### What the task requires
Set down, exactly as written, the line containing "CIUDAD DE MÉXICO, 16ABRIL2025.- En" and all the lines that follow it to the end of the entries below, omitting every picture.

### Input records
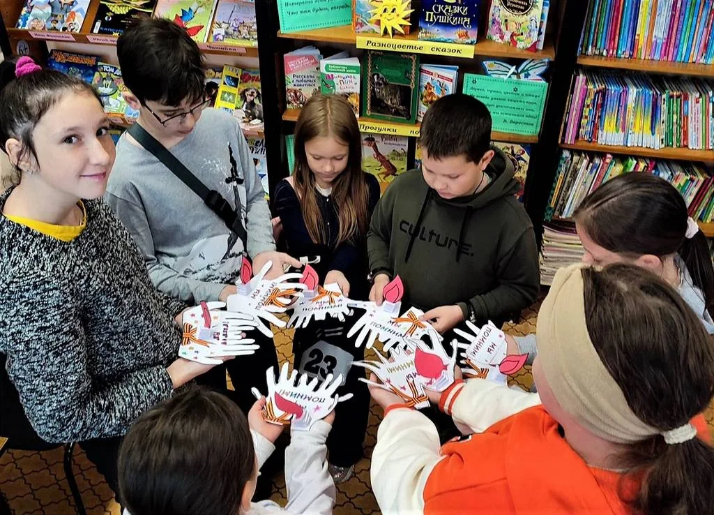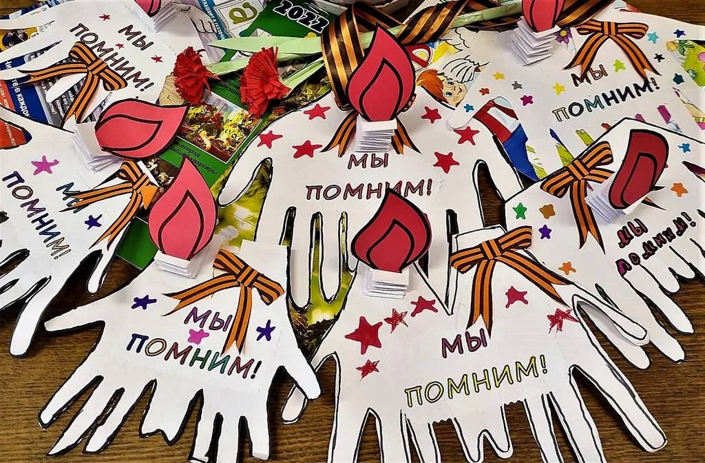 Сотрудник библиотеки предложила ребятам сделать свечу Памяти своими руками. Ребята активно принялись за дело, обводили свои ладошки, вырезали огонёк, георгиевскую ленточку, делали из бумаги свечу, а после собирали композицию на ладошке.
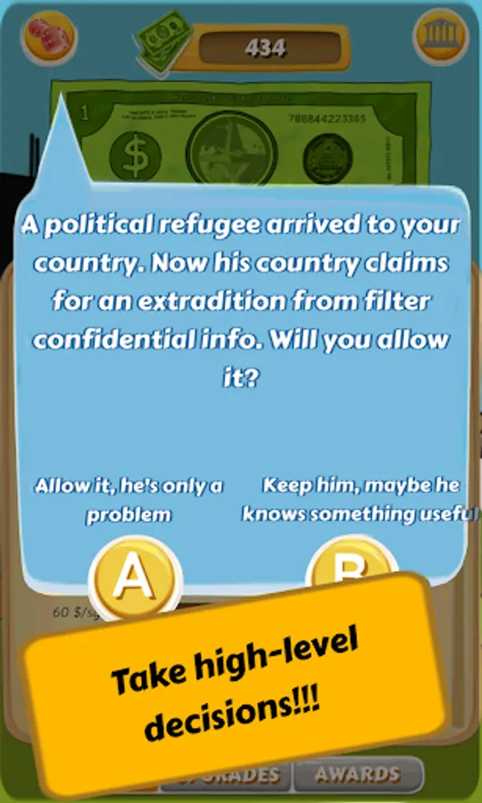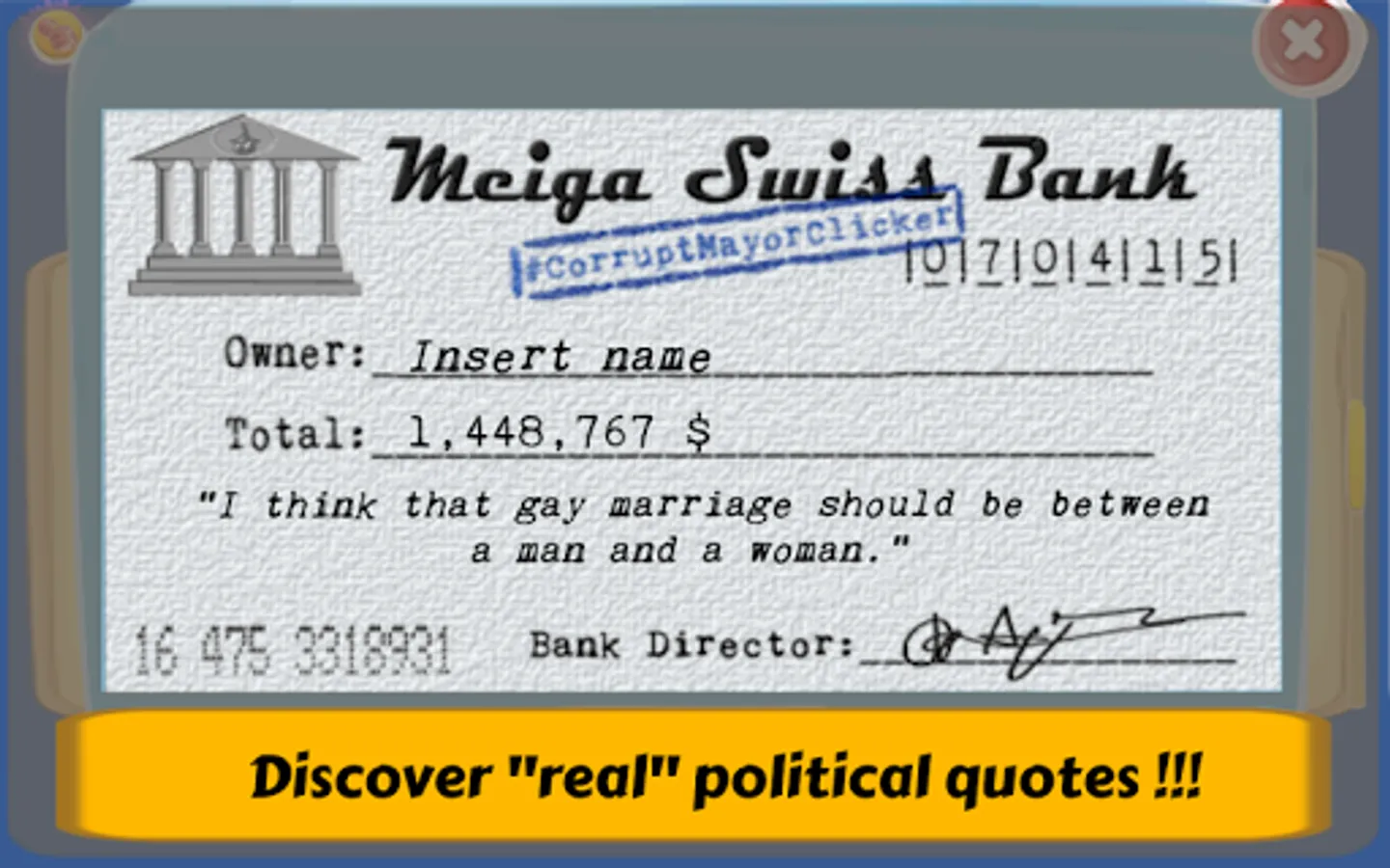 Play this funny clicker. You can make a lot of money as a "great" politician.
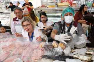 CIUDAD DE MÉXICO, 16ABRIL2025.- En en el marco de Cuaresma, Nadine Gasman, secretaria de Salud, encabezó un operativo de Vigilancia Sanitaria en el Mercado Hidalgo. FOTO: GRACIELA LÓPEZ/CUARTOSCURO.COM
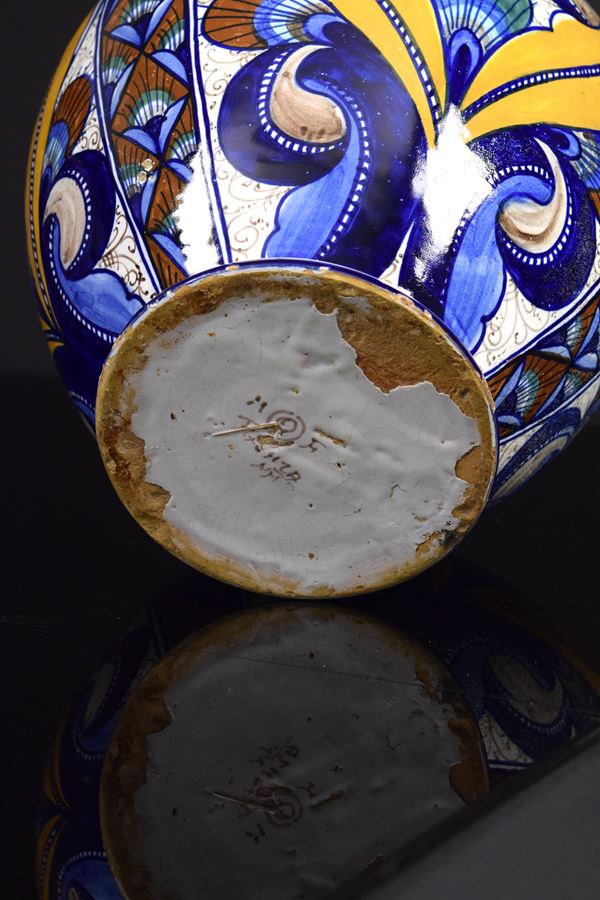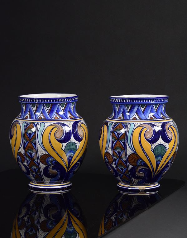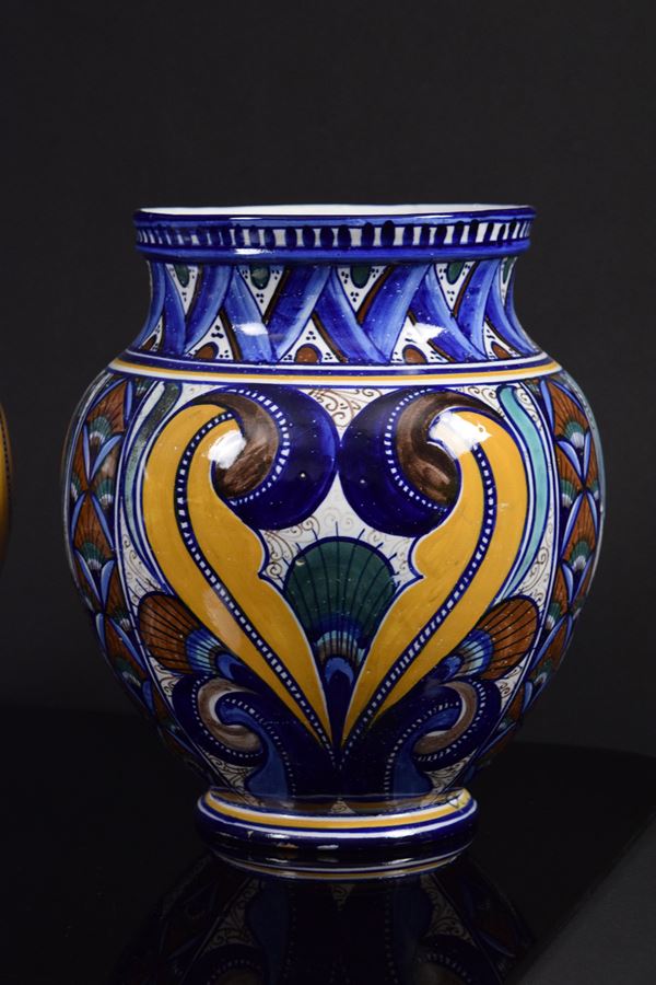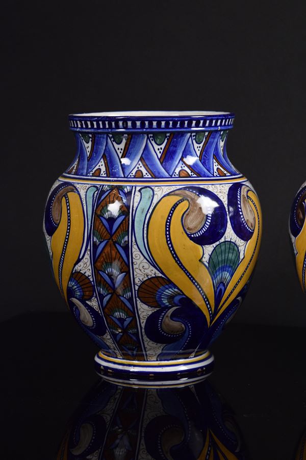Coppia di vasi in ceramica policroma con decoro "a Pavona" rivisitata dal Maestro.
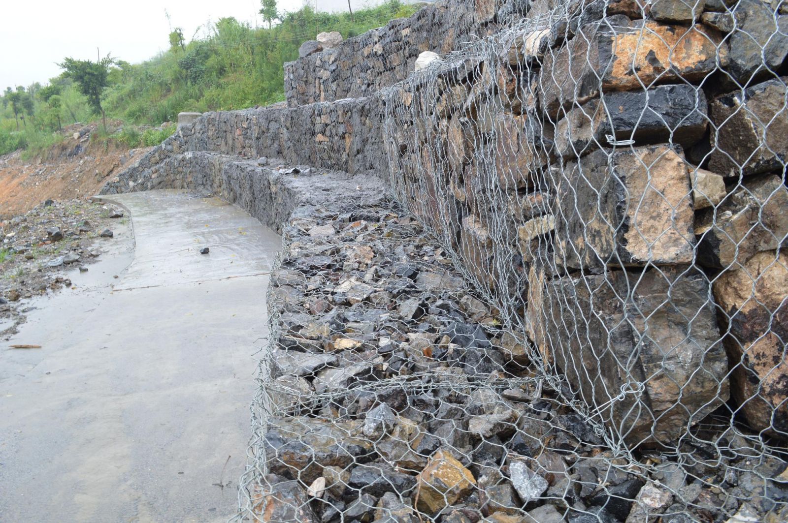 石籠網(wǎng)由高抗腐蝕、高強(qiáng)度、具有延展性的低碳鋼絲或者包覆PVC的以上鋼絲使用機(jī)械編織而成,使用該網(wǎng)制作而成的箱型結(jié)構(gòu)就是石籠。根據(jù)ASTM和EN標(biāo)準(zhǔn),所使用的低碳鋼絲直徑根據(jù)工程設(shè)計(jì)要求而不同。一般介于2.0-4.0mm之間,石籠網(wǎng)鋼絲的抗拉強(qiáng)度不少于38kg/m2,金屬鍍層重量一般高于245g/m2,石籠網(wǎng)片的邊緣線直徑一般要大于網(wǎng)線直徑。其雙線絞合部分的長度不得小于50mm.以保證絞合部分鋼絲的金屬鍍層和PVC鍍層不受破壞。

### Solution to this problem
 CIUDAD DE MÉXICO, 16ABRIL2025.- En en el marco de Cuaresma, Nadine Gasman, secretaria de Salud, encabezó un operativo de Vigilancia Sanitaria en el Mercado Hidalgo. FOTO: GRACIELA LÓPEZ/CUARTOSCURO.COM
Coppia di vasi in ceramica policroma con decoro "a Pavona" rivisitata dal Maestro.
 石籠網(wǎng)由高抗腐蝕、高強(qiáng)度、具有延展性的低碳鋼絲或者包覆PVC的以上鋼絲使用機(jī)械編織而成,使用該網(wǎng)制作而成的箱型結(jié)構(gòu)就是石籠。根據(jù)ASTM和EN標(biāo)準(zhǔn),所使用的低碳鋼絲直徑根據(jù)工程設(shè)計(jì)要求而不同。一般介于2.0-4.0mm之間,石籠網(wǎng)鋼絲的抗拉強(qiáng)度不少于38kg/m2,金屬鍍層重量一般高于245g/m2,石籠網(wǎng)片的邊緣線直徑一般要大于網(wǎng)線直徑。其雙線絞合部分的長度不得小于50mm.以保證絞合部分鋼絲的金屬鍍層和PVC鍍層不受破壞。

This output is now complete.